Petrobras had been complying with the commitments agreed in TCC Refino, including the sale of its entire equity stakes in 3 assets (SIX, RLAM and REMAN) but faced obstacles during the execution of the divestment processes which prevented the Company from concluding the sale of the remaining refineries within the scope of the TCC.

 

According to the Material Fact disclosed on March 29, 2023, upon receipt of Official Letters 166/2023/GM-MME, 257/2023/GM-MME and 261/2023/GM-MME from the Ministry of Mines and Energy, the Company’s Board of Directors understood that need to assess the Ministry's requests to review if the investments and divestments processes should be carried out based on the Company's new Strategic Plan proposed by the newly elected Executive Board.

 

Subsequently, Resolution CNPE 05/2023 was published, which consolidated the end of the guidelines related to the divestment of the assets, in addition to Petobras’ 2024-2028+ Strategic Plan, which has among its objectives to act in a competitive and safe manner, maximizing the capturing of value by adapting and improving the refining park and developing new products aimed at a low carbon market. Therefore, the terms of the TCC were reviewed to adapt it to the new market reality and regulatory environment.

 

The amendment results from extensive debates between the technical areas of both Petrobras and CADE and culminated in the cessation of the obligation to sell TBG, within the scope of the TCC, and established new commitments, summarized as follows:

 

 

 

www.petrobras.com.br/ri

For more information:

PETRÓLEO BRASILEIRO S.A. – PETROBRAS | Investor Relations

e-mail: petroinvest@petrobras.com.br/acionistas@petrobras.com.br

Av. Henrique Valadares, 28 – 9o andar – 20231-030 – Rio de Janeiro, RJ.
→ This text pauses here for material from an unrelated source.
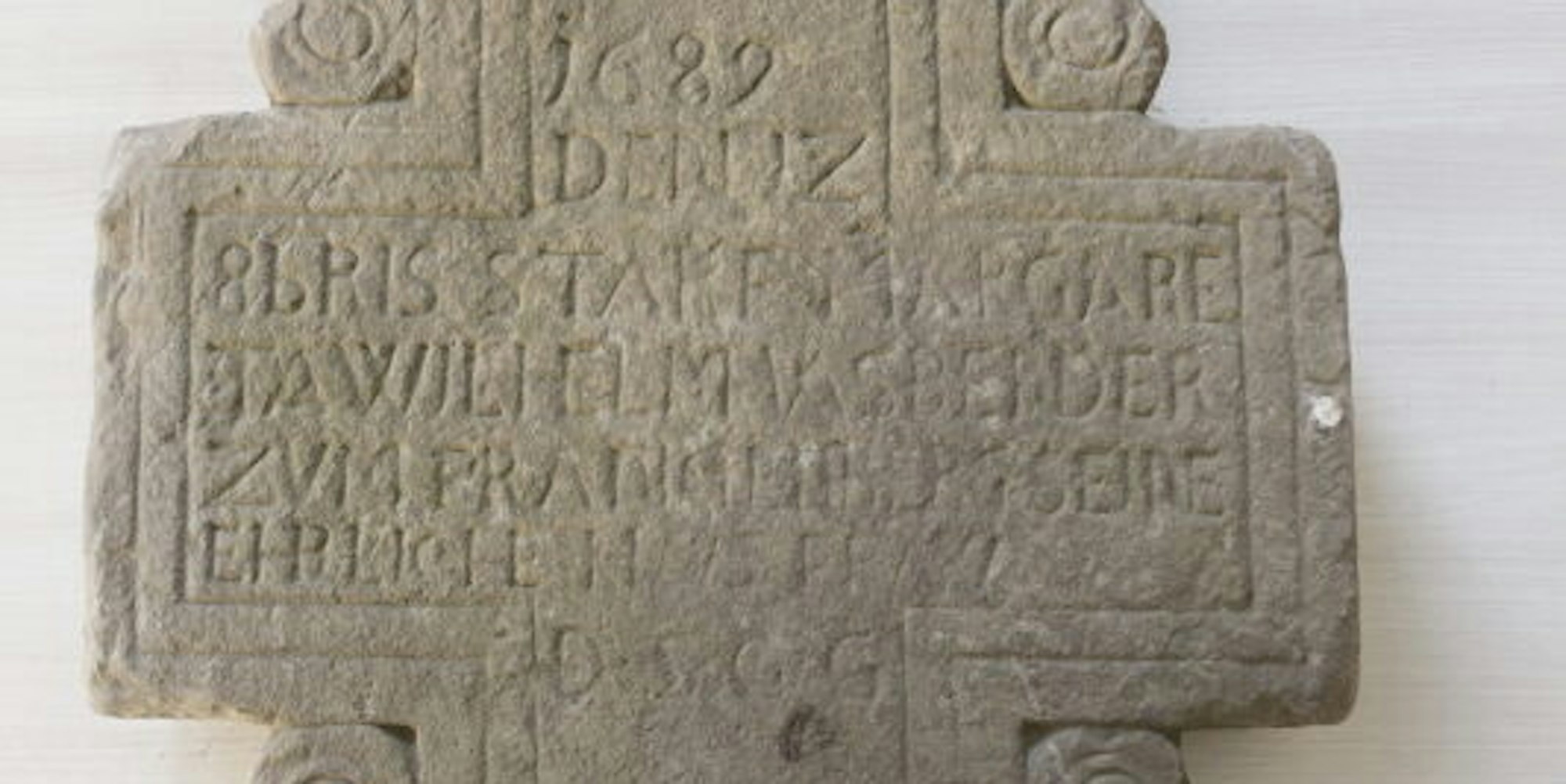 „Als ich die Jahreszahl 1689 gesehen habe, war mir schnell klar, dass dieser Fund etwas Besonderes ist“, blickt Müller zurück. Rund 70 mal 50 Zentimeter misst der Sandstein im Kreuzformat, dessen Inschrift an den Tod einer Margaretha Faßbender am 2. Oktober vor 332 Jahren erinnert. Die in den Stein gehauenen Buchstaben verraten außerdem, dass Margaretha mit einem Wilhelm verheiratet war und in dem kleinen Örtchen Frangenberg nahe Linde lebte. Die Rückseite ist einem Petter Faßbender gewidmet, verstorben an einem 5. April, allerdings ohne Angabe des Jahres, und vermutlich der Sohn der Margaretha.
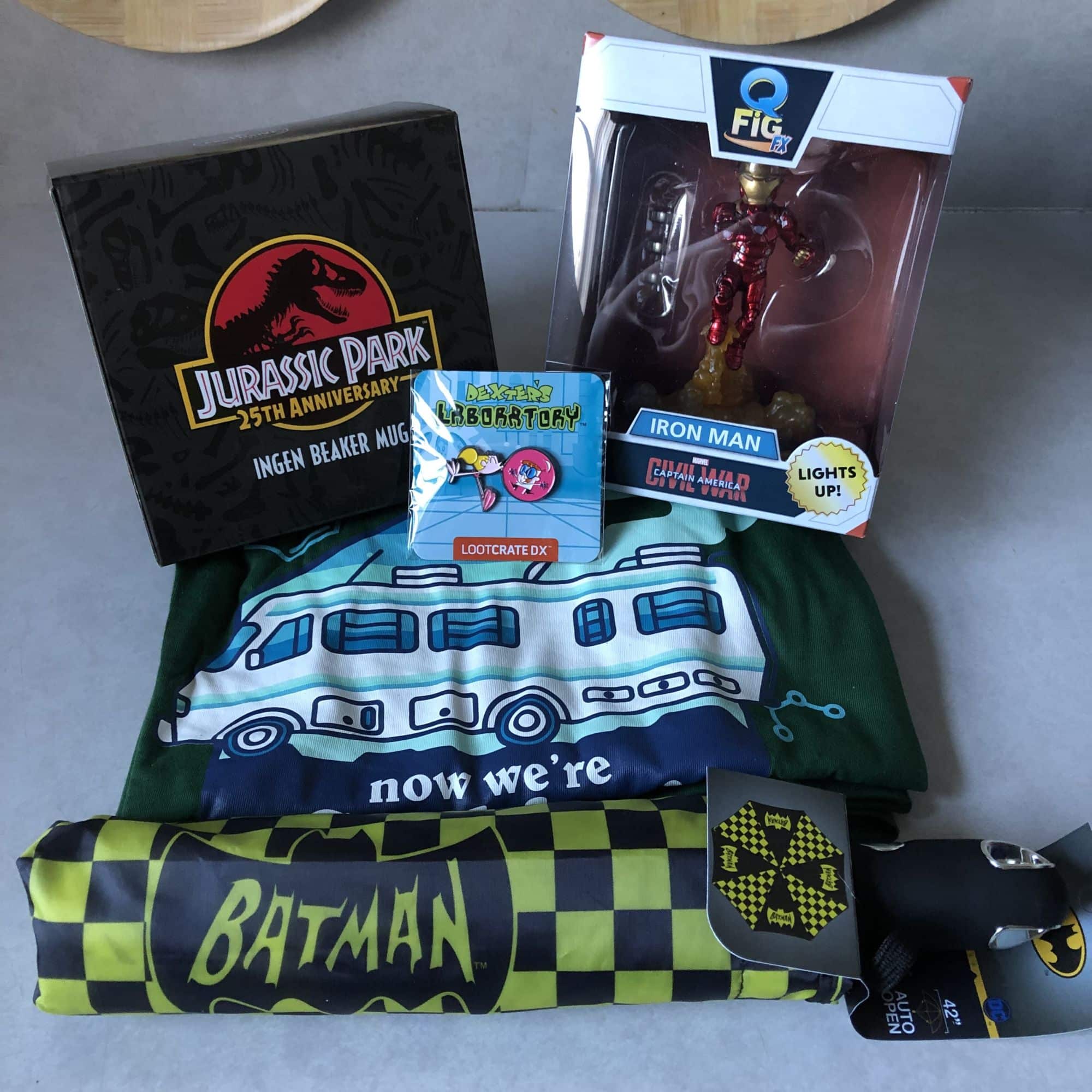 Posted in: Games, Review, Subscription Box | Tagged: Batman, breaking bad, Dexter's Laboratory, iron man, jurassic park, loot crate, loot crate dx, subscription box

Phone: 55 (21) 3224-1510/9947 | 0800-282-1540

This document may contain forecasts within the meaning of Section 27A of the Securities Act of 1933, as amended (Securities Act), and Section 21E of the Securities Trading Act of 1934, as amended (Trading Act), that reflect the expectations of the Company's management. The terms: "anticipates", "believes", "expects", "predicts", "intends", "plans", "projects", "aims", "should," and similar terms, aim to identify such forecasts, which evidently involve risks or uncertainties, predicted or not by the Company. Therefore, future results of the Company's operations may differ from current expectations, and the reader should not rely solely on the information included herein.

 

 
 

1. new behavioral obligations to provide CADE with mechanisms for monitoring, within a controlled environment, data related to Petrobras' commercial activities in the derivatives and petroleum (crude oil) market, in domestic territory, thus allowing it to verify the non-discriminatory nature of prices charged by Petrobras;

 

2. disclosure, by Petrobras, of general, non-discriminatory commercial guidelines for deliveries of oil, by sea, to any independent refinery in the Brazilian territory;

 

3. the offering of Frame Contracts to any independent refinery, in the Brazilian territory, for deliveries by sea. This contractual model defines the basic conditions for the negotiation, load by load, of oil volumes ensuring that the purchase and sale requirements will only be applied if both parties reach an agreed price, guaranteeing their alignment with market conditions at the time each transaction is concluded. These contracts must provide, during a period of 3 (three) business days (“Negotiation Period”), the guarantee to supply a minimum monthly oil volume to be delivered, by sea, by Petrobras.

 

The obligations agreed in the Addendum to TCC Refino are valid for 3 years and can be extended for the same period, at CADE's sole discretion.

 

The new obligations also foresee investigations initiated after the signing of the TCC and preserve the objective of maintaining competitiveness in the refining market, in addition to expanding independent agents, in a period in which the Brazilian refining system is undergoing a transition.

 

In view of the above, the Executive Board of Petrobras removed REPAR, RNEST, REGAP, REFAP and LUBNOR from the divestment portfolio.

 

The amendment reflects Petrobras’ respect for the antitrust authority and the agreements signed, thus preserving the country's business environment.

 

Any facts deemed relevant to this matter will be timely disclosed to the market.

 

www.petrobras.com.br/ri

For more information:

PETRÓLEO BRASILEIRO S.A. – PETROBRAS | Investor Relations

e-mail: petroinvest@petrobras.com.br/acionistas@petrobras.com.br

Av. Henrique Valadares, 28 – 9o andar – 20231-030 – Rio de Janeiro, RJ.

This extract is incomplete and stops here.